Enlightenment & Capitalism

In a recent Books & Culture, there is an article on Benjamin Franklin’s interest in business, which was an aspect of his life that he kept from the public since business was considered unbecoming of a person of any importance. The article ends by highlighting how Franklin’s capitalistic sensibility is a mark of the Enlightenment.

Commercial capitalism has been so routinely disparaged for so long by American intellectuals that we have some difficulty crediting how very happily the Enlightenment embraced commercial capitalism as Nature's own system of merit over against unearned aristocratic title. Gary Nash's recent attempt to re-cast the American Revolution as a proletarian uprising, more concerned with "elementary political rights and social justice, rather than the protection of property and constitutional liberties," misses utterly how genuinely revolutionary the protection of property and constitutional liberty was in a world of absolute autocrats and talentless courtiers. Precisely because the self-made man of commerce appeared to the philosophes as a manifestation of the operation of reason and nature, Voltaire sang an unashamed song of admiration for the calculating, dispassionate self-promotion of the bourgeoisie:

I don't know which is the more useful to the state, a well-powdered lord who knows precisely what time the king gets up in the morning and what time he goes to bed, and who gives himself airs of grandeur while playing the role of slave in a minister's antechamber, or a great merchant who enriches his country, sends orders from his office to Surat and to Cairo, and contributes to the well-being of the world.

No one in revolutionary America lived up to this reputation more than Franklin. It represents a fatal inversion of Franklin's own expectations that no reputation today has lesser standing among the Revolution's scholars than that of the "great merchant." And none plays a smaller role in the modern-day marketing of Benjamin Franklin.

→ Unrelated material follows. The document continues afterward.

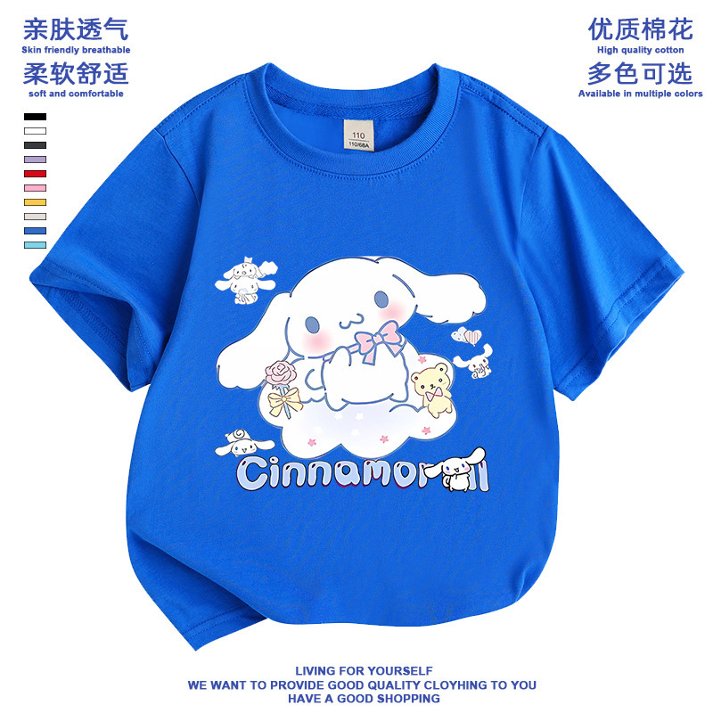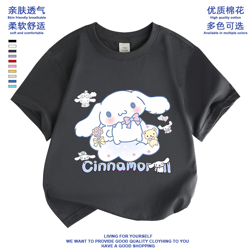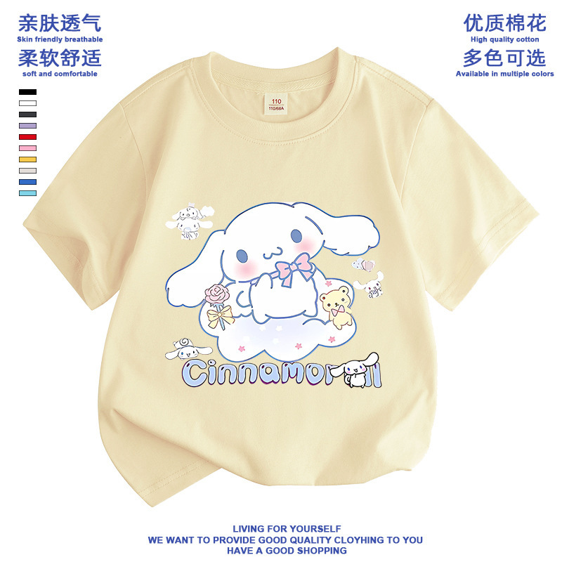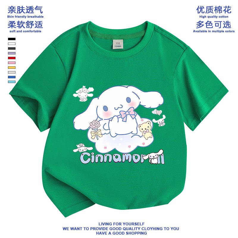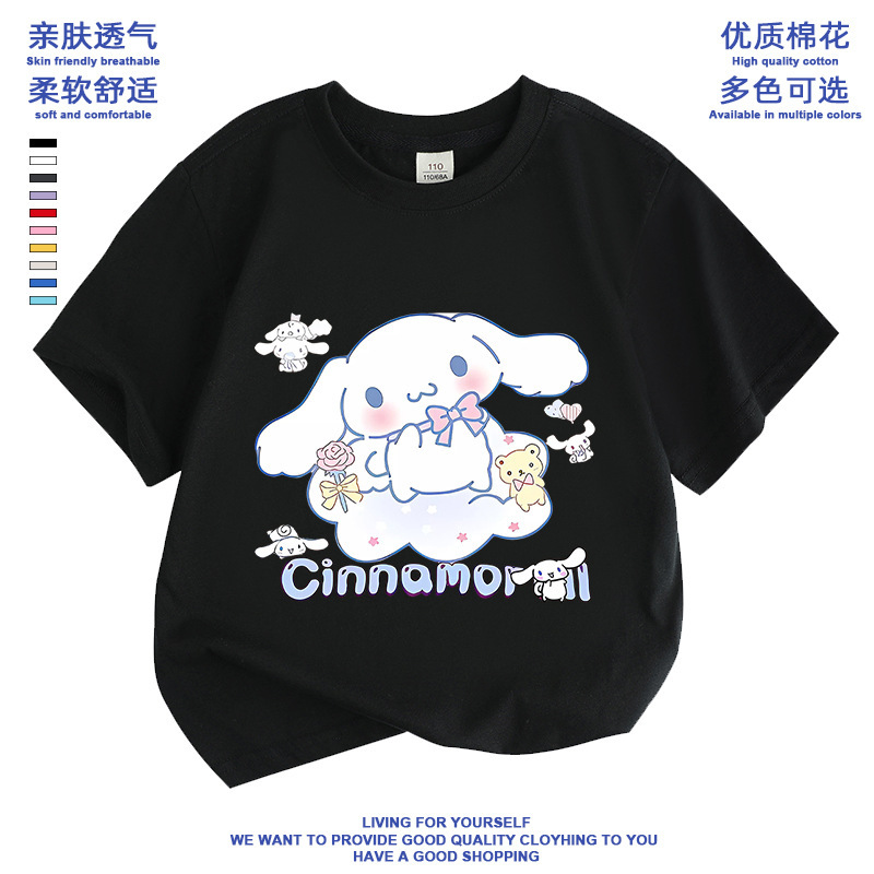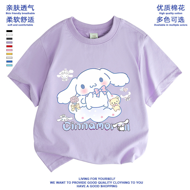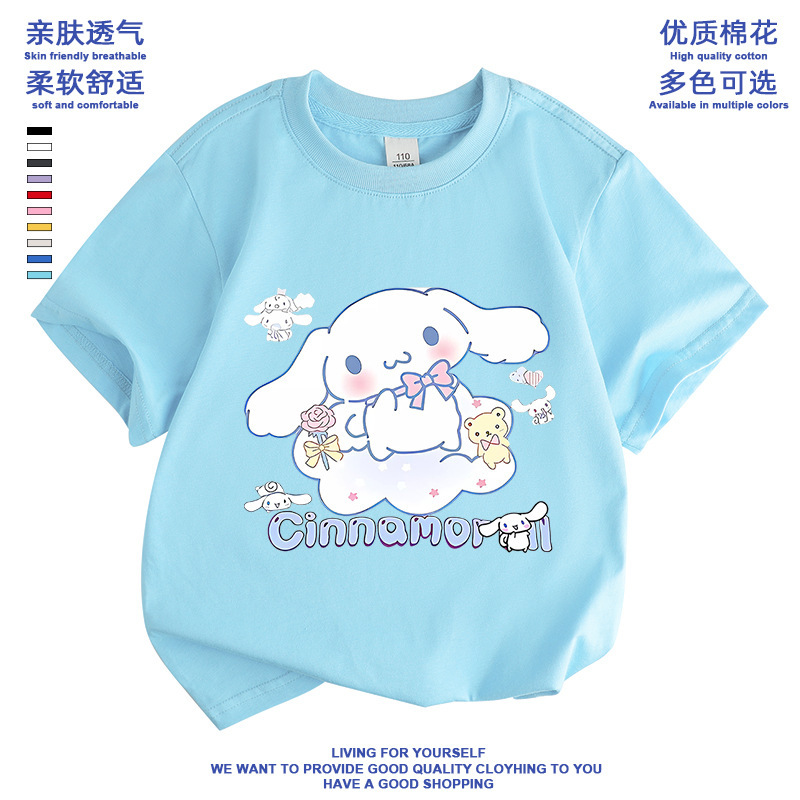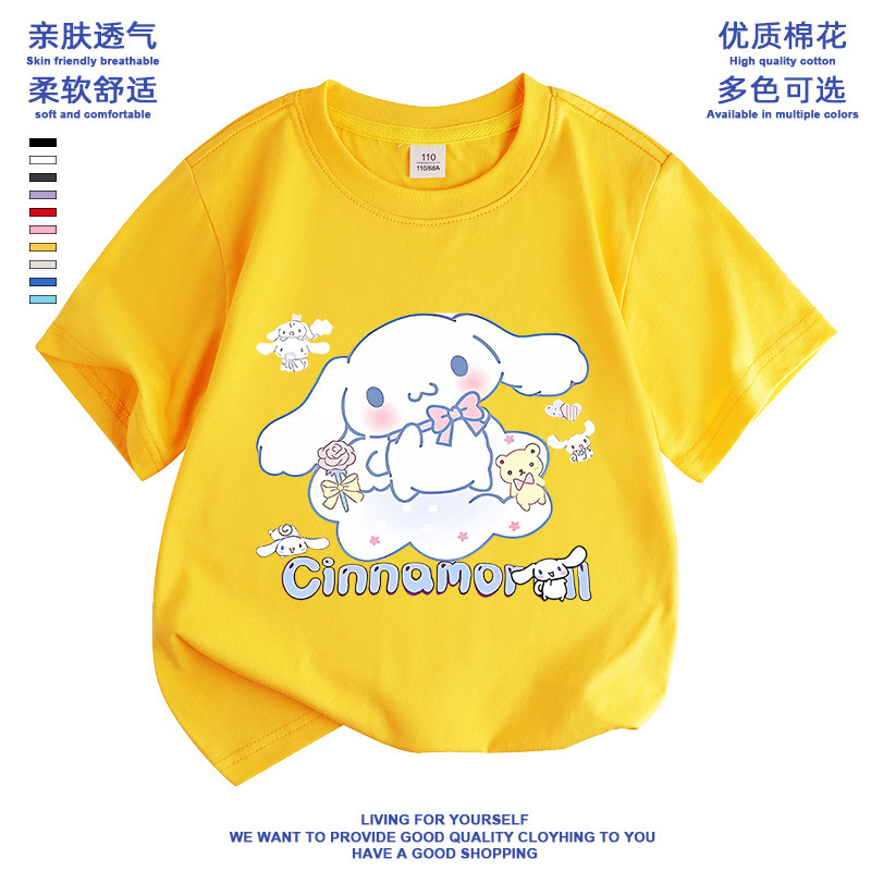 새로운 Yugui 개 옷 서양식 짧은 소매 소녀 의류 큰 귀 개 여름 2024 순수한면 간단한 올 매치 하프 슬리브 T스토어 가기

—Allen C. Guelzo, “Capitalist Tool” in Books and Culture

Comments

Anonymous said…
Ayn Rand's disciples would certainly agree with this reading of the Englightenment.
Unknown said…
I think your basic point is correct: the founding fathers certainly weren't fighting for the oppressed masses. That being said, even in early America there was a constant conflict between Jefferson and Hamilton. Among other issues, this was about how the United States should conduct itself economically. I think it is more constructive to view the enlightenment figures as anti-mercantilism than pro-capitalism.